The fourth Thursday of November brings with it no shortage of specific food cravings. When else during the year do whole turkeys, stuffing, or yams with marshmallows make appearances at your dinner table? Add to that list cranberry sauce, without which no Thanksgiving spread is complete. And yet oddly, on a holiday that's all about home cooking, cranberry sauce is the only aspect of my Thanksgiving dinner that always comes from a can. What gives? We eat cranberry sauce but once a year, so why shouldn't it get the homemade treatment, too? We tested canned versus homemade jellied cranberry sauce to find out if the effort is really worth it.

The Contenders: Ocean Spray Jellied Cranberry Sauce vs. Gourmet's Jellied Cranberry Sauce
Cranberries are one of the few fruits native to North America, and they've been part of the Thanksgiving tradition since the Pilgrims' first dinner. The sauce version came into cookbooks at least as early as 1840. There's a long historical precedent for pairing fruits with meat (think Duck a L'Orange, fish with lemon, pork and apples, lamb and apricots), but cranberry sauce is said to have first been served alongside Thanksgiving turkey by General Ulysses S. Grant during the siege of Petersburg in 1864. Cranberry sauce was first commercially canned in 1912. America never looked back.

Relative Costs:
Homemade is more than twice as expensive as store-bought. I paid $1.89 for a 1 1/2 cup can of cranberry sauce, or $1.26 per cup; Ingredients for 3 1/2 cups of homemade cranberry sauce came to $10.25, or $2.93 per cup.

Relative Healthfulness:
Slight edge to homemade. Ocean Spray's sauce is sweetened with high fructose corn syrup, whereas homemade uses cane sugar.

See more: 25 Ways to Use Sriracha

Time Commitment: I spent an hour making the homemade cranberry sauce. Prep for the store-bought one, for those unfamiliar, goes: open can, pour onto serving plate, eat.

Leftovers Potential:
Either of the sauces can be refrigerated for about two weeks. What The Testers Said First let me introduce our panel.

THE HEALTH NUT: A delicate eater, the health nut is calorie conscious but also likes to eat well

THE FOODIE: Calorie agnostic, our foodie judge has a sophisticated palate and a love of cooking

THE DUDE: Ambivalent toward food trends and health concerns, this guy just wants to be fed when he's hungry

THE KID: Between ages of 9 and 12 years old, not jaded, typically not into strong flavors

Testers sampled both cranberry sauces blind, and with turkey. Everyone found the biggest difference between the two to be texture; the homemade sauce had a distinct Jell-O springiness.

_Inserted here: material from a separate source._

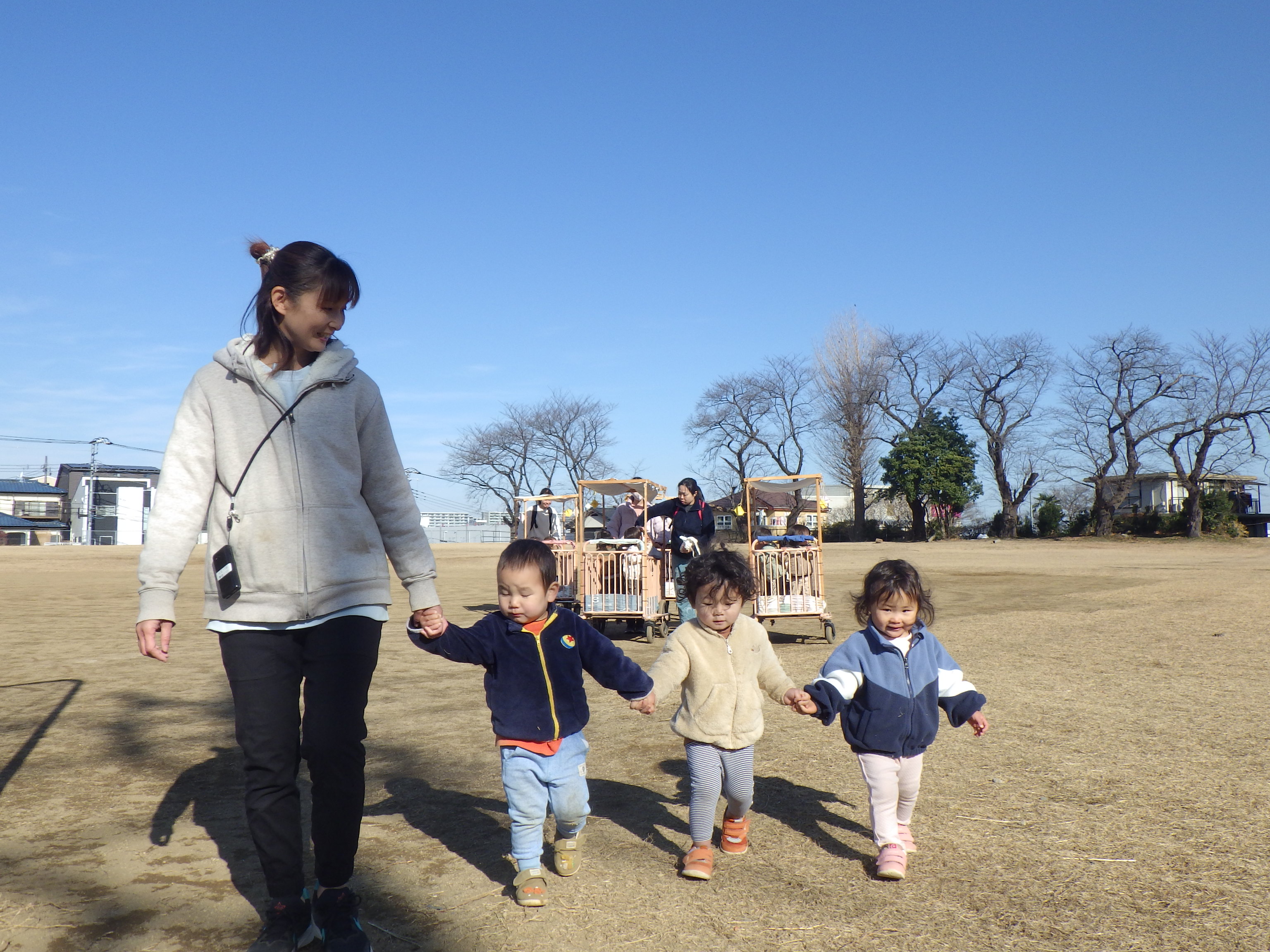 寒さが続く冬。気温が低い日は室内でのんびり過ごしますが、あたたかい時間を見計らって太陽を浴びに外へ。冬でも子どもたちは元気いっぱい楽しくあそんでいます。

The Health Nut: Store-bought. "The homemade's flavor is a little more mild and the texture more gelatinous, which isn't what I'm looking for in a cranberry sauce."

|The Foodie: Store-bought. "How can you beat the tangy, sweet flavor of store-bought cranberry sauce? It's a holiday classic."

The Kid: Homemade. "It's just like Jell-O." The Dude: Store-bought. "Seeing that cylinder of cranberry sauce with the lines still on it from the can just makes me so happy."

The Verdict:
Fake It. Don't fix it if it ain't broke. Granted, the homemade recipe was jellied-not a relish or chutney that brings more complex flavor and texture to the jewel-red berry. But the truth is, jellied cranberry sauce out of the can is a Thanksgiving classic, with a tangy, fruity flavor and pleasing texture that seems to pair perfectly with rich holiday fare. Spending an hour of your precious Thanksgiving prep time making your own just isn't worth it.